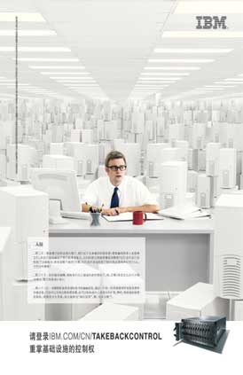 酷!典型的IBM廣告風格:幽默、冷靜、簡潔、有力。不錯,這則廣告的風格是非常明顯的。廣告通過簡潔的大標題——“重掌基礎設施的控制權”——將訴求重點一句點明,毫不拖泥帶水,非常有力。廣告的視覺內(nèi)容表現(xiàn)了服務器的“森林”,整個畫面以接近于白色的冷色調(diào)為主,從而使畫面具備了很強的科幻氣氛。精彩的廣告正文像是在敘述一個緊張的、令人屏息的“新黑客帝國”的故事,對于整天面對冰冷機器或要做出重要購買決策的潛在目標群體很具有說服力。廣告的畫面和文字內(nèi)容展現(xiàn)了客戶可能遇到的困境,從而巧妙地強調(diào)了IBM能夠幫助客戶解決問題、實現(xiàn)價值。
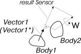 Если именованный параметр fixingVector = unlockVector:, то значением датчика является проекция на вектор Vector1 угловой скорости звена Body2 относительно звена Body1.
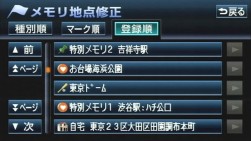 • 種別順 にタッチすると、自宅、特別メモリ地点、メモリ地点の順に並びかわります。
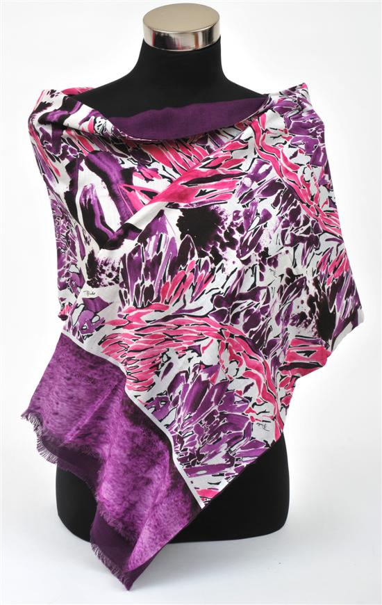 The rectangular scarf printed in a pink and magenta design, 33 x 175 cm.
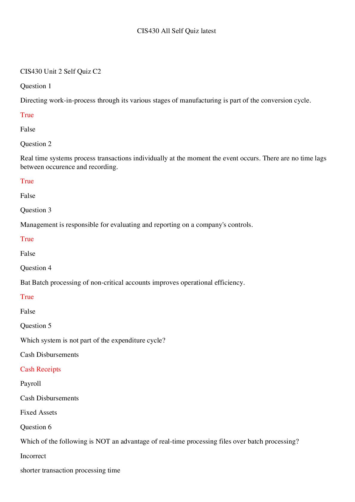 Education > EXAM > CIS430 All Self Quiz latest /CIS430 All Self Quiz latest (All)
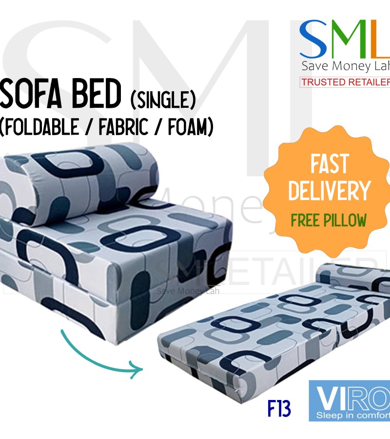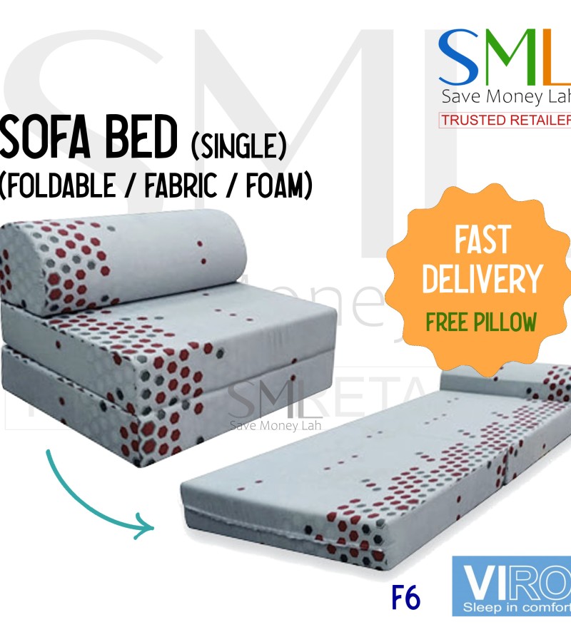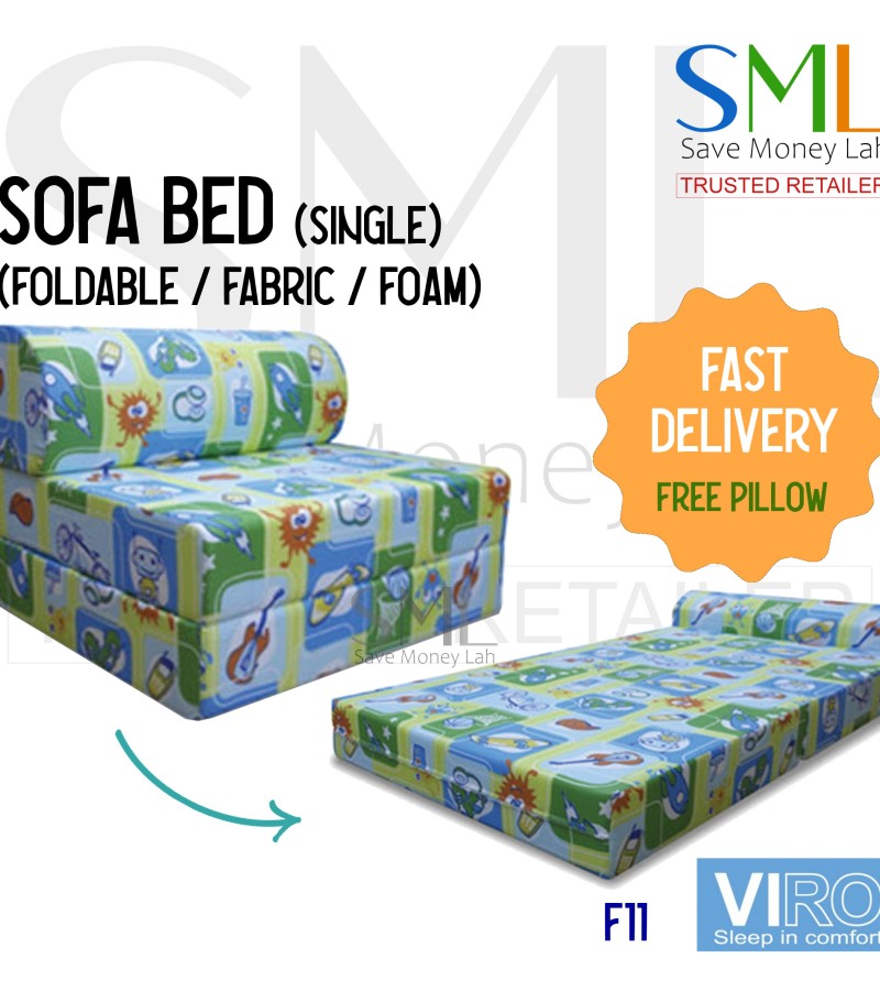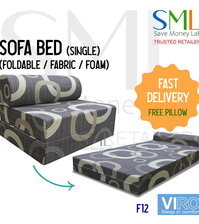 Foldable Fabric Sofa Bed - Foam Type (Single Size) - Medium Firm - 5 designs - Viro
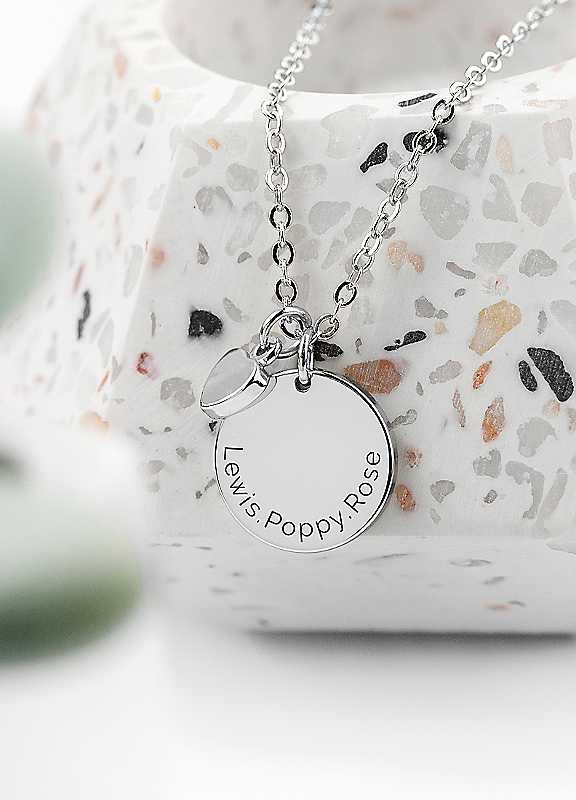 Treat Republic is a design and personalisation studio based in Hertfordshire in the UK. We love creating one-of-a-kind personalised items that help you share a smile and remember all of life's wonderful and extraordinary moments.Part of our new designs of beautiful but simple jewellery. This polished necklace features a cute little heart charm and a disc necklace that you can personalise with the names of the members of your family (up to 25 characters).Personalise with names of up to 25 characters, Beautiful silver plated necklace for her with heart and disc pendant, An amazing Valentine's or Mother's Day gift, Lobster claspStandard, Lobster Clasp47cm | silver heart necklace, personalised necklace with name, necklace with lobster clasp, heart pendant necklace, engraved heart necklace, personalized pendant necklace, personalized necklace for mom, silver plated necklace, silver disc necklace, personalized heart necklace
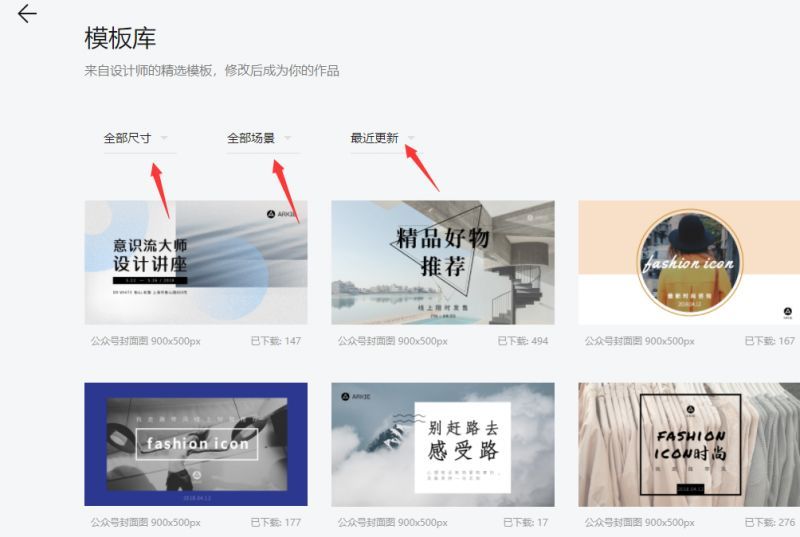 可以根据尺寸以及场景选择模板,并且此网站都会定期更新作品
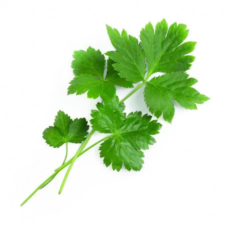 Die japanische Mitsuba-Petersilie ist eine seltene Petersilie mit einem ungewöhnlichen Geschmack. Sie ist ein aromatisches Kraut, das reich an Vitaminen, Kalium und Eisen ist. Die Blätter dieser japanischen Petersilie eignen sich zum Kochen und werden in Suppen und Salaten verwendet. Die Stängel können wie Sellerie blanchiert werden.
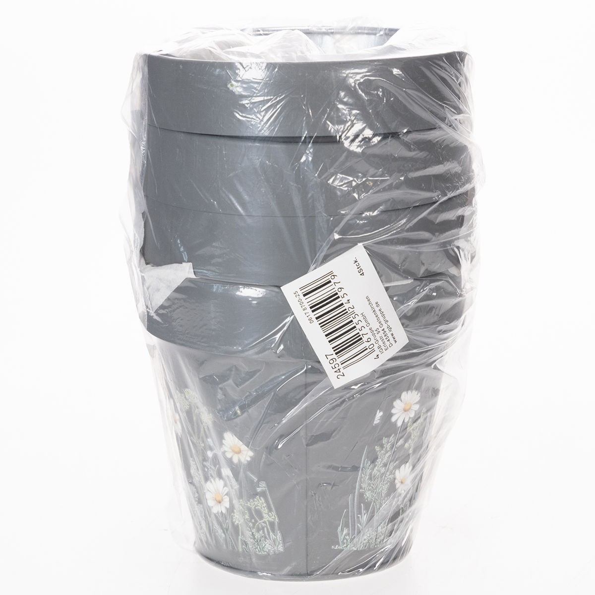 This decorative flower pot with a daisy motif will bring a breath of fresh air to your interior design. Whether on the windowsill, a living room shelf, or a desk – its subtle gray design blends harmoniously into any setting. The charming floral motif adds a touch of nature and joie de vivre to any room. Four pots in a set – so you can create several inviting oases. Practical and lightweight, made of sturdy metal, this flower pot is not only beautiful but also surprisingly versatile. A small highlight that combines style and functionality!
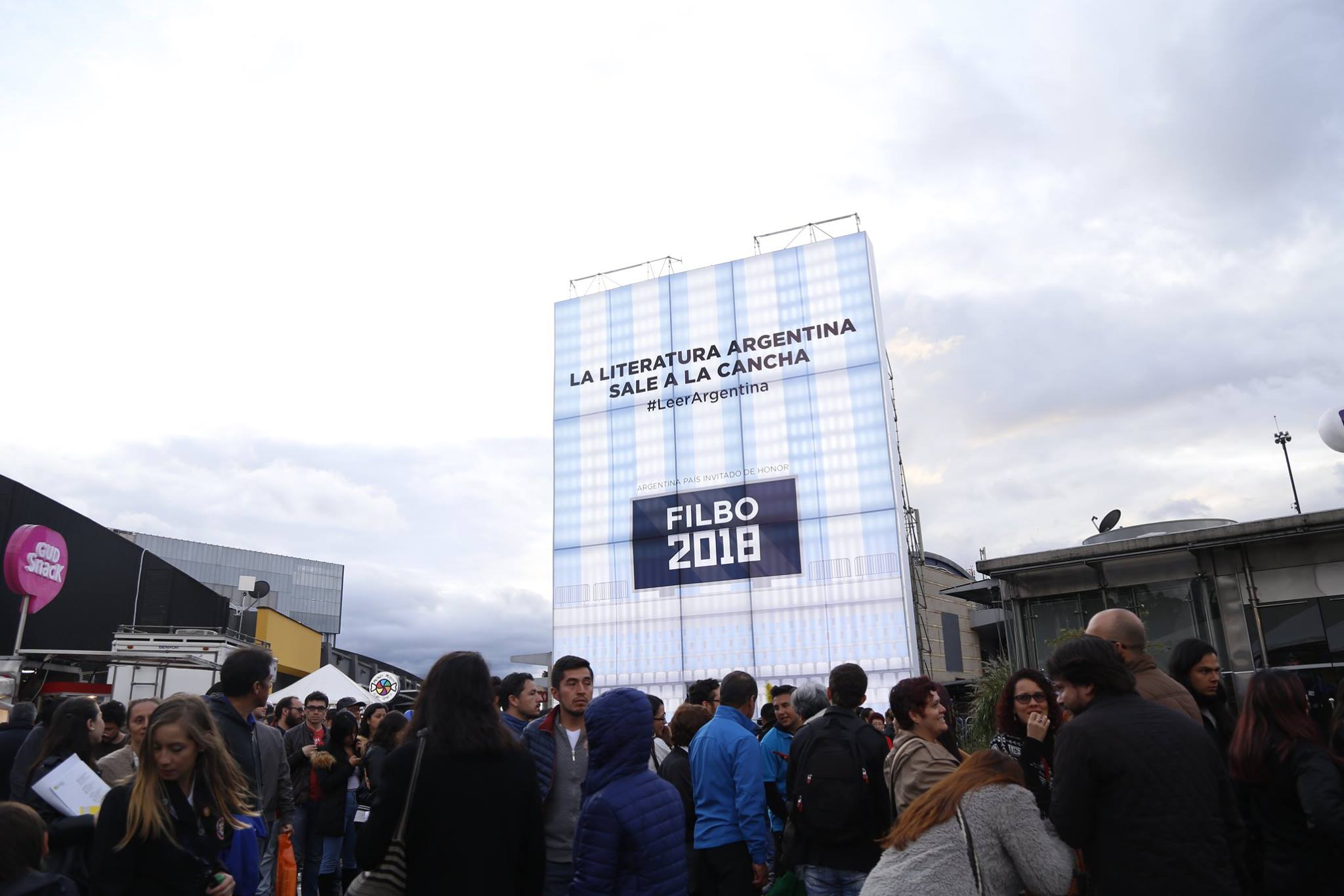 El carácter de la participación nacional en la Feria del Libro de Bogotá y la ornamentación de su pabellón fueron motivo de discordia. Como dijo el escritor argentino Mempo Giardinelli, el meollo de la crítica es haber montado en Bogotá “una muestra futbolera antes que literaria”. En este sentido, su colega colombiana Carolina Sanín manifestó que “[l]a gran verruga de la Feria fue el pabellón de Argentina con esa preminencia que da al futbol.  Argentina vino y nos puso una cancha de fútbol en todo el corazón de su pabellón, en todo el corazón de la Feria del Libro, y no veo cómo eso no es irrespetuoso con los autores que vinieron”. Por su parte, Alberto Manguel, director de la biblioteca nacional, pidió “disculpas en nombre de todos los argentinos por el vergonzoso escenario de un estadio de fútbol montado en una fiesta del libro”.
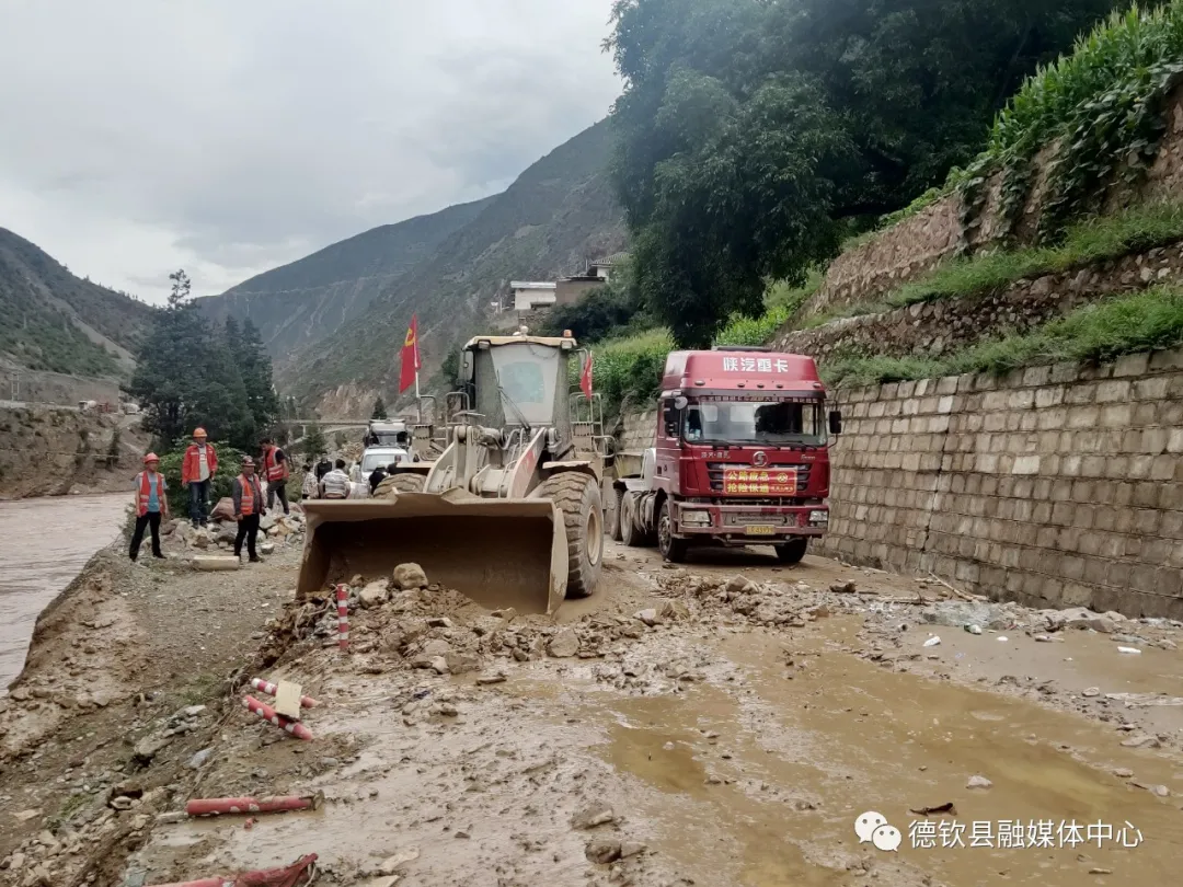 2021年7月18日14时左右,受强降水影响,德钦公路分局所辖德钦至勐堆公路德维线K28+900、K31+740、K43+100等多处路段发生泥石流灾害,导致德钦至燕门多路段发生不同程度的阻断,分局云岭管理所和机械化养护和应急中心人员正在抢通中,因部分受阻路段需要等泥石流清运车到达现场后才能开展清理工作,故受阻时间较长,通车时间待定。
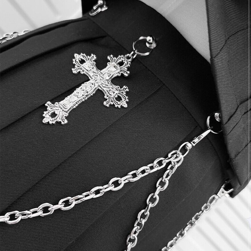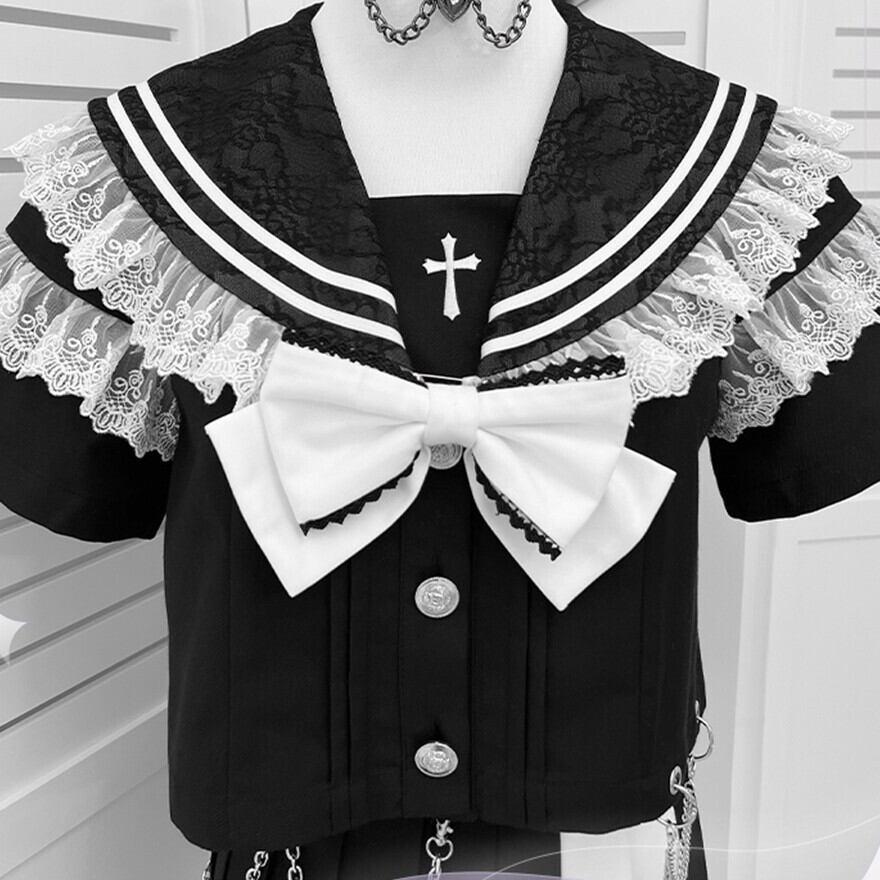 襟と袖には繊細なレースがあしらわれ、十字架のチャームがゴシックな雰囲気をプラスしています。
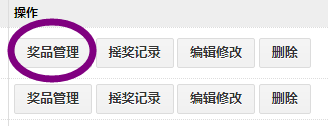 4、当活动内容编辑完成之后,退回到活动列表里,可以看到奖品管理,点击“奖品管理”按钮进入就可以加上您需要的奖品了。(下图)
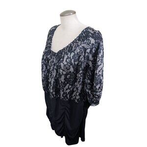 MXM Womens Plus Size 4X Blouse Black White Lace Print Puff Sleeve Ruched Front

________

### PROBLEM TO WORK ON
Excerpt from the records above: set down only the lines from the one that contains "Education > EXAM" through the one that contains "This decorative flower", inclusive, word for word. Pictures stay out.

### TASK OUTPUT
 Education > EXAM > CIS430 All Self Quiz latest /CIS430 All Self Quiz latest (All)
 Foldable Fabric Sofa Bed - Foam Type (Single Size) - Medium Firm - 5 designs - Viro
 Treat Republic is a design and personalisation studio based in Hertfordshire in the UK. We love creating one-of-a-kind personalised items that help you share a smile and remember all of life's wonderful and extraordinary moments.Part of our new designs of beautiful but simple jewellery. This polished necklace features a cute little heart charm and a disc necklace that you can personalise with the names of the members of your family (up to 25 characters).Personalise with names of up to 25 characters, Beautiful silver plated necklace for her with heart and disc pendant, An amazing Valentine's or Mother's Day gift, Lobster claspStandard, Lobster Clasp47cm | silver heart necklace, personalised necklace with name, necklace with lobster clasp, heart pendant necklace, engraved heart necklace, personalized pendant necklace, personalized necklace for mom, silver plated necklace, silver disc necklace, personalized heart necklace
 可以根据尺寸以及场景选择模板,并且此网站都会定期更新作品
 Die japanische Mitsuba-Petersilie ist eine seltene Petersilie mit einem ungewöhnlichen Geschmack. Sie ist ein aromatisches Kraut, das reich an Vitaminen, Kalium und Eisen ist. Die Blätter dieser japanischen Petersilie eignen sich zum Kochen und werden in Suppen und Salaten verwendet. Die Stängel können wie Sellerie blanchiert werden.
 This decorative flower pot with a daisy motif will bring a breath of fresh air to your interior design. Whether on the windowsill, a living room shelf, or a desk – its subtle gray design blends harmoniously into any setting. The charming floral motif adds a touch of nature and joie de vivre to any room. Four pots in a set – so you can create several inviting oases. Practical and lightweight, made of sturdy metal, this flower pot is not only beautiful but also surprisingly versatile. A small highlight that combines style and functionality!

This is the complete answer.